Опасная скорбь (Перри) - страница 24

Но боль, которую приходилось испытать при этом пациенту, была невыносима. К тому же за операции внутренних органов не брался никто: в мире не нашлось бы веревки, которая удержала бы оперируемого на столе в неподвижном состоянии, давая возможность хирургу работать ножом с должной точностью. Хирургия вообще не считалась уважаемым занятием. Фактически хирурги приравнивались к цирюльникам; и в тех и в других ценились скорее быстрота и твердость рук, нежели глубина познаний.

Теперь же, после внедрения анестезии, становились возможны не только ампутация раненой или обмороженной конечности, но и такие сложнейшие операции, как удаление пораженного внутреннего органа. Можно было, например, спасти этого мальчика, уже засыпающего на руках Эстер. Лицо его горело, он свернулся калачиком и притих.

Эстер еще продолжала его укачивать, когда в палату вошел доктор Поумрой – невысокий, рыжеватый, с аккуратно подстриженной бородкой. Он явно собирался кого-то оперировать: на нем были старые темные брюки, все в пятнах запекшейся крови, сорочка с разорванным воротом и привычный старый жилет, также весь перепачканный. Впрочем, в таком виде работали все хирурги – какой смысл портить хорошую одежду!

– Доброе утро, доктор Поумрой, – быстро сказала Эстер.

Ей нужно было обратить на себя внимание хирурга, поскольку она не теряла надежды убедить его прооперировать мальчика на этой неделе, а еще лучше – немедленно. Эстер знала, что шансы на успех весьма средние – сорок процентов больных гибли вследствие занесенной в ходе операции инфекции. Но иного выхода не было – мальчик чувствовал себя все хуже и слабел день ото дня. Эстер заставляла себя быть вежливой, даже почтительной, хотя давалось ей это с трудом. Она понимала, что доктор Поумрой весьма искусный хирург, но как человек он был ей неприятен.

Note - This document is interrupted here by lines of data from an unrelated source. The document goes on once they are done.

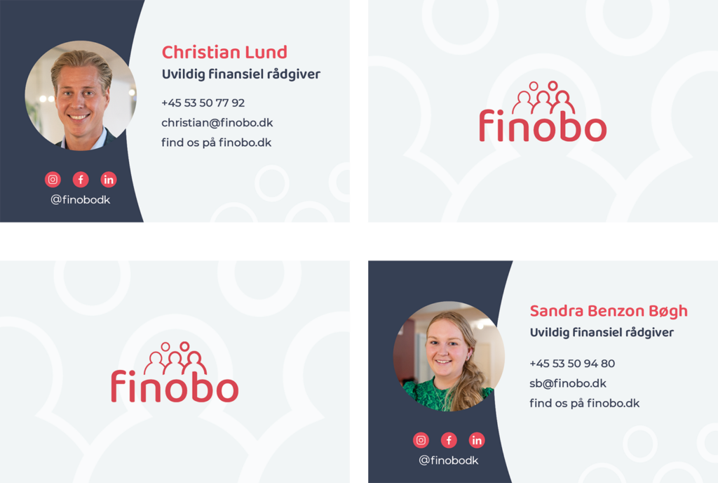 Visitkort til ledelse samt vores finansielle rådgivere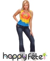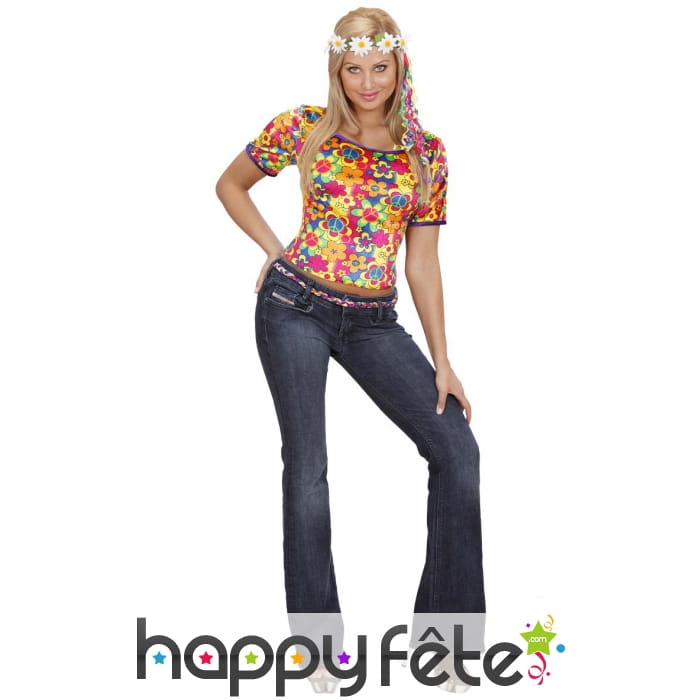 Retrouvez la tendance hippie à travers un petit haut aux couleurs éclatantes. Il s'agit du tee-shirt coloré motifs hippies, imitation velours. Le vêtement est à manches courtes. Il s'adapte à tout type de morphologie puisqu'il est de nature élastique. Vous disposerez d'un tee-shirt parsemé de motifs floraux et de symboles peace and love ultra colorés, idéal pour une soirée rétro.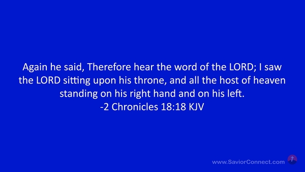Again he said, Therefore hear the word of the LORD; I saw the LORD sitting upon his throne, and all the host of heaven standing on his right hand and on his left. -2 Chronicles 18:18 KJV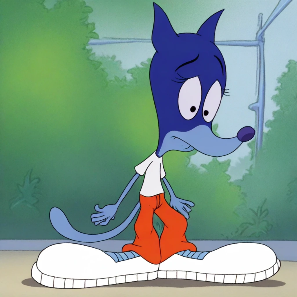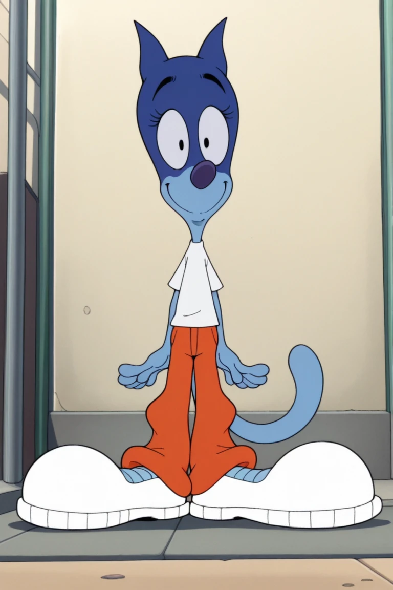 Prompt: Roberta Illus, solo, 1girl, Anthropomorphic dog, Blue fur, black Eyes, dark Blue nose, Blue tail, white shirt, Orange pants, white shoes, giant feet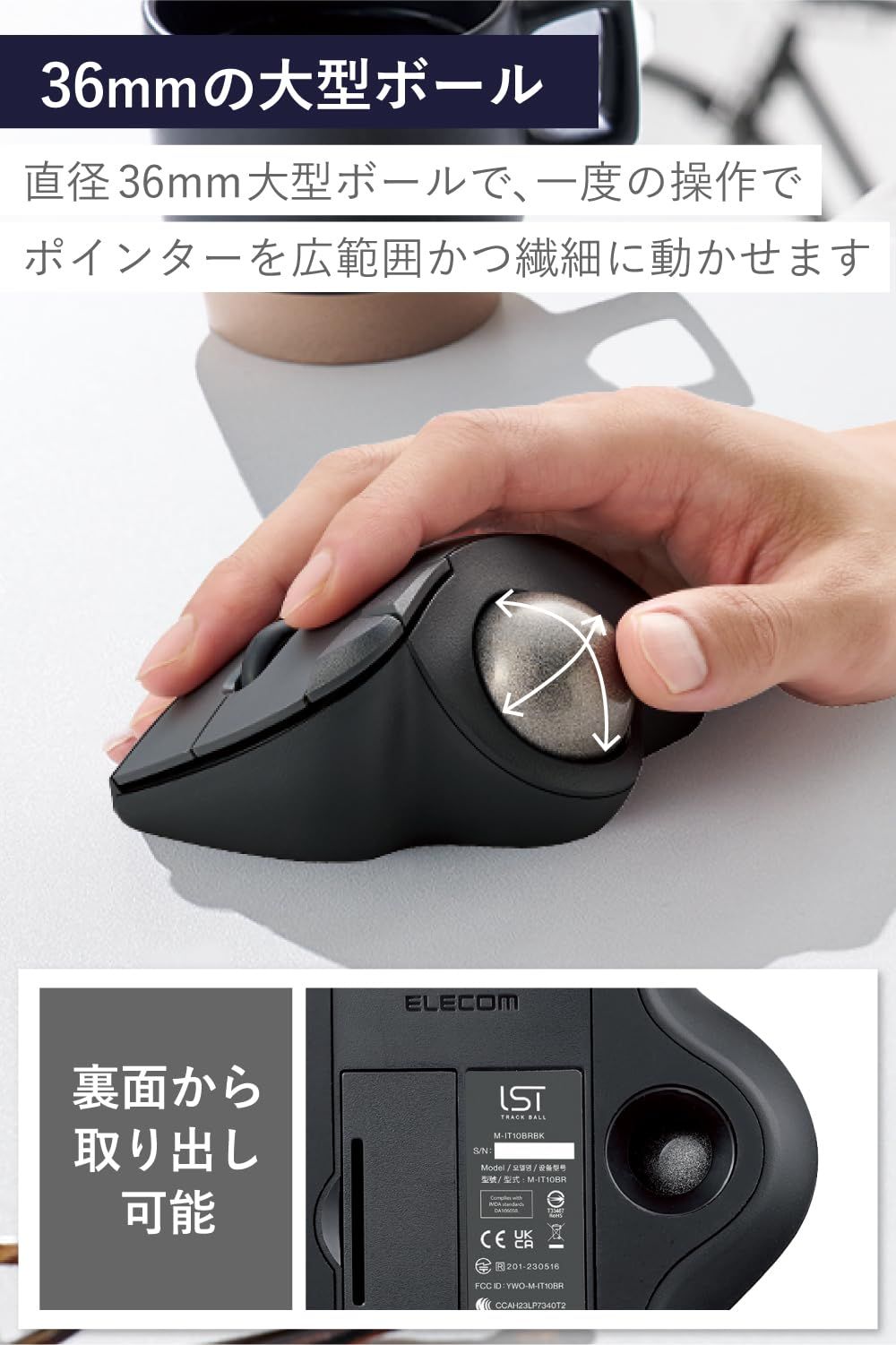 親指にフィットする直径36mm大型ボールを採用し、一度の操作でポインターを広範囲かつ繊細に動かせます。

– Доброе утро, мисс… э… – Он сделал вид, что удивлен ее присутствием в палате, хотя Эстер уже работала здесь никак не меньше месяца и неоднократно беседовала с доктором Поумроем на повышенных тонах. Вряд ли он забыл эти стычки. Просто не одобрял, когда медсестры первыми заговаривали с врачом. Каждый раз, сталкиваясь со столь вопиющим нарушением субординации, он бывал недоволен.

– Лэттерли, – подсказала она и едва удержалась, чтобы не добавить: «Я не меняла фамилию со вчерашнего дня, да и вообще ни разу не меняла».

Фраза уже вертелась на кончике языка, но судьба ребенка была для Эстер важнее собственного самолюбия.

– Да, мисс Лэттерли, что у вас? – Говоря, хирург смотрел не на нее, а на койку напротив, где с беспомощно открытым ртом лежала на спине немощная старуха.